Measuring Subtle Leakage in Patients with Cerebrovascular Disease Using Dual Temporal Resolution DCE-MRI: Is it Reproducible?
Sau May Wong1, Jacobus F.A. Jansen1, C. Eleana Zhang2, Julie Staals2, Paul A.M. Hofman1, Joachim E. Wildberger1, Robert J. van Oostenbrugge2, C├ęcile R.L.P.N. Jeukens1, and Walter H. Backes1

1Radiology & Nuclear Medicine, Maastricht University Medical Centre, Maastricht, Netherlands, 2Neurology, Maastricht University Medical Centre, Maastricht, Netherlands

Synopsis

Measuring subtle leakage through the blood-brain barrier using DCE-MRI is challenging since their magnitude is lower than in high-grade tumors. To have a clinical application, this method has to be reproducible. The reproducibility of the transfer constant (Ki) and fractional plasma volume (vp) using dual temporal resolution DCE-MRI was investigated in 14 patients with cerebrovascular disease. Low CVs and moderate to high ICCs demonstrate that despite the noisy nature of the measurement, the method is moderately reproducible. Still, cautious interpretation of the Ki and vp in individual patients is needed. Day-to-day variations may be partly compensated by using session-averaged VIFs.

Introduction

DCE-MRI is widely used in the clinic to determine leakage of a contrast medium in tumors. Recently, this method is increasingly applied to estimate the rather subtle leakage through the blood-brain barrier (BBB) in cerebrovascular and neurodegenerative pathology (e.g. cerebral small vessel disease (cSVD) and Alzheimer’s disease)1,2. Several studies have shown that breakdown of the BBB might play a pivotal role in the pathophysiology of these diseases3,4.
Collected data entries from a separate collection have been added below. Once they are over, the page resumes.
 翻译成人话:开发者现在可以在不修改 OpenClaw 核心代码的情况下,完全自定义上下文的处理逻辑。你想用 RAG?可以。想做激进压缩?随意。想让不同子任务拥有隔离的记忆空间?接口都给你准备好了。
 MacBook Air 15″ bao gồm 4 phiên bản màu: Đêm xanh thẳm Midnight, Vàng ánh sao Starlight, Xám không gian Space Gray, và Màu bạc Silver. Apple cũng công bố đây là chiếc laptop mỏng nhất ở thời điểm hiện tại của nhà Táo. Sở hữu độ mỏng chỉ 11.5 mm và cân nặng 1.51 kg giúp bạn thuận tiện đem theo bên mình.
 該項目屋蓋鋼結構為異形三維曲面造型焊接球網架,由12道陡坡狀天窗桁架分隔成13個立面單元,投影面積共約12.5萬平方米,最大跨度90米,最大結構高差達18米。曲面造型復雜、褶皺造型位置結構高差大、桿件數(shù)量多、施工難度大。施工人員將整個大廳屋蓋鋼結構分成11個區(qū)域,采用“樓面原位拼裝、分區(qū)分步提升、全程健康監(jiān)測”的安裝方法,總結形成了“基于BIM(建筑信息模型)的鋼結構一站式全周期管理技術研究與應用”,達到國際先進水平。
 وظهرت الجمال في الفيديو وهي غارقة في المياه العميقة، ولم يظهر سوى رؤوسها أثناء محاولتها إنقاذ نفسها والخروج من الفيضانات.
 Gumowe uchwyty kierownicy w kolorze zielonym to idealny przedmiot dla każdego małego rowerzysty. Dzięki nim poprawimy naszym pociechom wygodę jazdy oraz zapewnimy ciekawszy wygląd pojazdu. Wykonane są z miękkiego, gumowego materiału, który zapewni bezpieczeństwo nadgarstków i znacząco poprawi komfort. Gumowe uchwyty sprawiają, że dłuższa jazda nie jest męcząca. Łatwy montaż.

Measuring subtle leakage is challenging as the magnitude is several orders lower than that found in high-grade tumors. To have a clinical application, the measurement of subtle leakage using DCE-MRI has to be reproducible. The aim is to determine the reproducibility of the pharmacokinetic measures, the transfer constant (Ki) and fractional plasma volume (vp), using dual temporal resolution DCE-MRI in patients with cerebrovascular disease. In addition, the effect of different vascular input functions (VIFs) on the reproducibility was investigated.

Methods

Patients: MR imaging was conducted twice in 14 patients with cSVD (n=10), cortical stroke (n=3) or intracerebral hemorrhage (n=1) (age 68.0±6.8y) to obtain a range of leakage values. Imaging was conducted on a 3.0 Tesla MR scanner (Philips Achieva TX) on two separate days with on average 2.1±2.3 days in between.

Data acquisition: Dual temporal resolution DCE-MRI was used for dynamic imaging to quantify the leakage rate through the BBB and the microvascular blood plasma space5. The acquisition compromises the combination of two dynamic sequences with different dynamic scan times (DST). The first sequence was applied during bolus injection (DST 3.2 s, TR/TE = 5.6/2.5 ms, FOV: 256x200x50 mm3, voxel size 2x2x5 mm3, 29 volumes). Subsequently, the second sequence was conducted (DST 30.5 s, TR/TE = 5.6/2.5 ms, FOV: 256x256x100 mm3, voxel size 1x1x2 mm3, 45 volumes). The contrast agent (Gadobutrol, dose 0.1 mmol/kg, 3 ml/s) was injected in the antecubital vein.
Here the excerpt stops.